Fiquei extremamente ansioso no dia em que o médico me liberou e a primeira coisa que fiz foi subir minha quieta rua sem saída. Percebo então, ao dobrar a esquina, que o mundo continuava lá, inabalável e excessivamente mundo. Os senhores do boteco ainda jogavam dominó e as pessoas dentro dos carros ainda ficavam estranhamente egoístas às dezoito horas – “horário de pico”.
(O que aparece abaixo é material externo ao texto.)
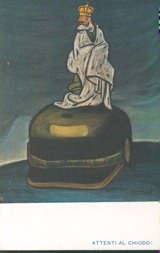 Descrizione: Attenti al chiodo! / [illustrazione di] Pozzati. - Bologna: Giacomo Chiarini & C., 1916. - 1 cartolina illustrata: fototipia, color ; 138x88 mm.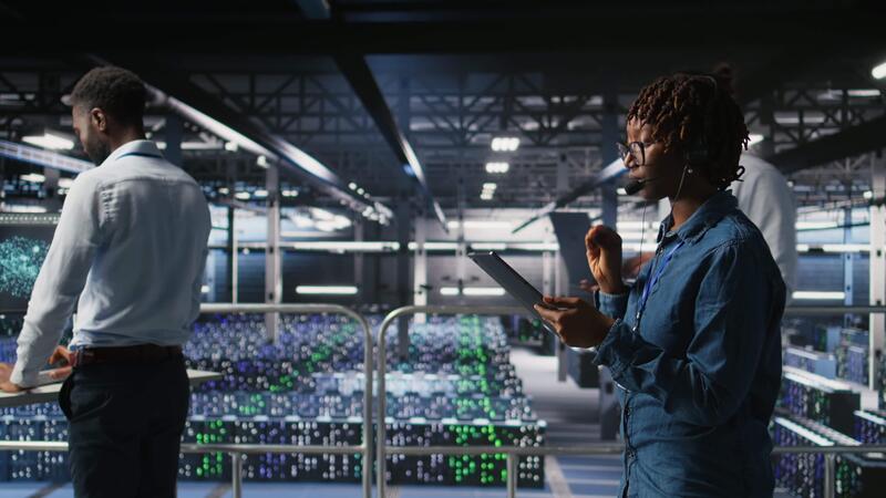 Server room admin using tablet and headset microphone to provide infrastructure tech support. Data center IT specialist resolves backend issues while coordinating with remote teams, camera A Pro Video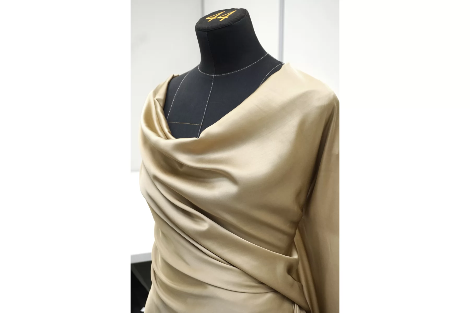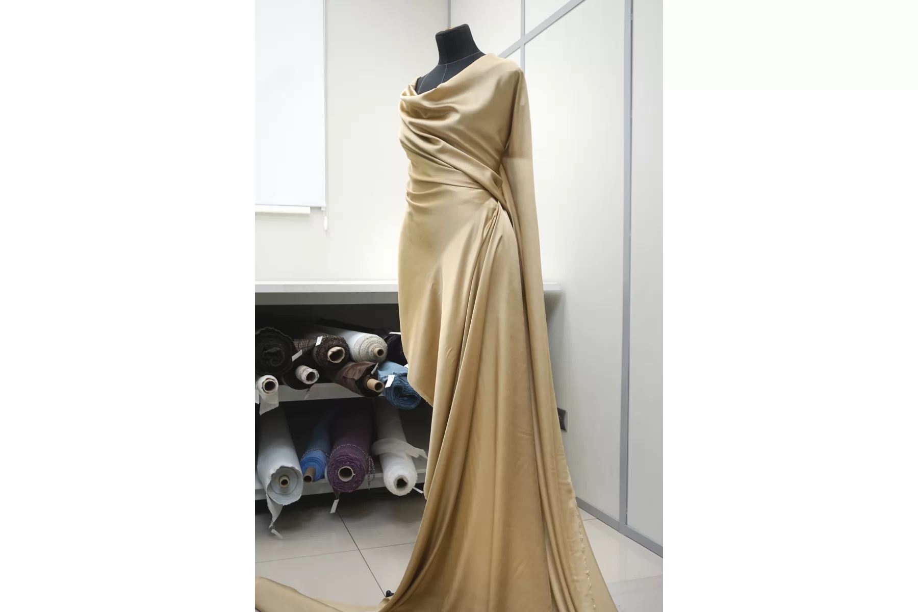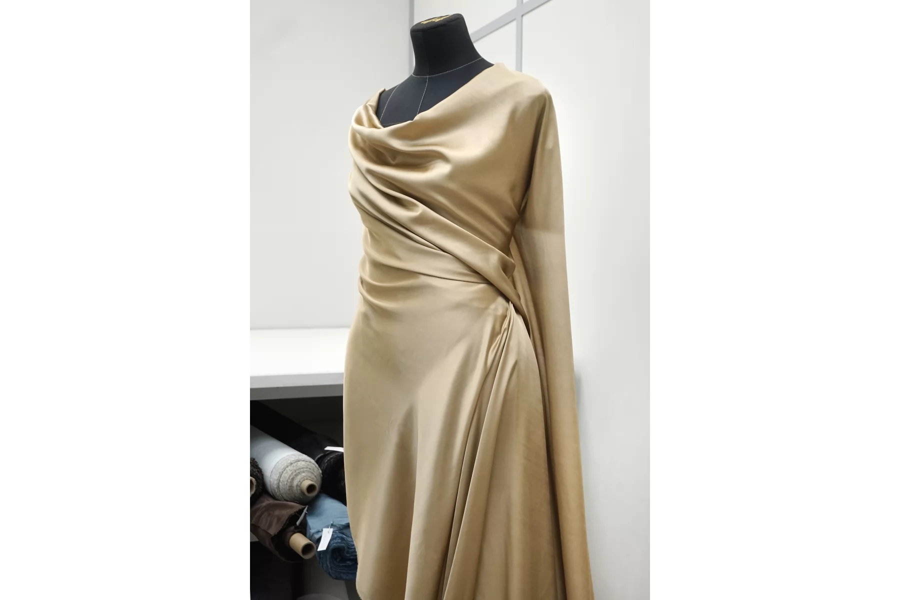 Итальянский вискозный плательно-блузочный атлас в красивом, светлом песочно-бежевом цвете. Тонкий, пластичный, гладкий, струящийся. Не тянется, немного просвечивает в один слой. Подойдет для пошива платья, юбки, туники, блузки, топа. При работе с этой тканью советуем использовать тонкие иглы и нитки.

Então eu voltei pra casa e não consegui entender mais nada.

17/04/2014

Duzentos Quilos de Mundo

Naqueles tempos a vida era mais simplória - não uso a palavra "simples" pois era de fato complexa, mas os desejos eram mais bobos. A gente queria tocar violão nos sábados e mostrar as músicas que aprendemos na semana, jogar video-game e andar pelo supermercado fazendo piada de tudo.
Então depois de uns dez anos nós crescemos e, sendo adultos, os desejos ficaram maliciosos e pervertidos. Passamos a querer o mundo nas nossas mãos, mas quase sempre ele escapa e fica bem em cima de nossas costas, o que nos rende grandes dores.
 São assim então as grandes aventuras e ambições da vida adulta? Carregar duzentos quilos de mundo todo dia. duzentos quilos de terra, aliás, pois não há um traço humano ou vivo em nossos mundinhos de lama. Ninguém nos contou essa parte do trabalho inútil, da hora-extra, das obrigações inadiáveis para com os almoços de domingo.

13/04/2014

Já fui escombro no mundo e poeira nos cantinhos da vida.
Peguei cada caquinho de mim mesmo no chão e me reconstruí como quimera de sorrisos fáceis e vida normal. Permaneci rachado como vaso quebrado de avó, mas bem colado; compacto.

27/01/2014

Os Couros

Fez um sol tão forte que os couros do fazedor de tambor estouraram de tão esticados. O samba dos pandeiros ficou mais rápido e os atabaques só podiam tocar Barra-Vento. Zé Amarildo foi obrigado a colocar graxa nos ganchos de sua rede. Ninguém foi pra roça por dois meses - e quem foi, por lá ficou, feito árvore de Cerrado dos desenhos que aparecem nos livros de Guimarães Rosa.

16/01/2014

Anais da Vida


Perdi tempo demais tentando escrever coisas profundas e o café - tão clichê para um escritor - esfriou.
Quis falar sobre as pombas sujas nos fios de luz. Elas cagam em nossas cabeças tão cheirosas de shampoo. E isso me pareceu terrivelmente triste. Então quis falar da vida, mas estava tentando parecer inteligente
e não consegui.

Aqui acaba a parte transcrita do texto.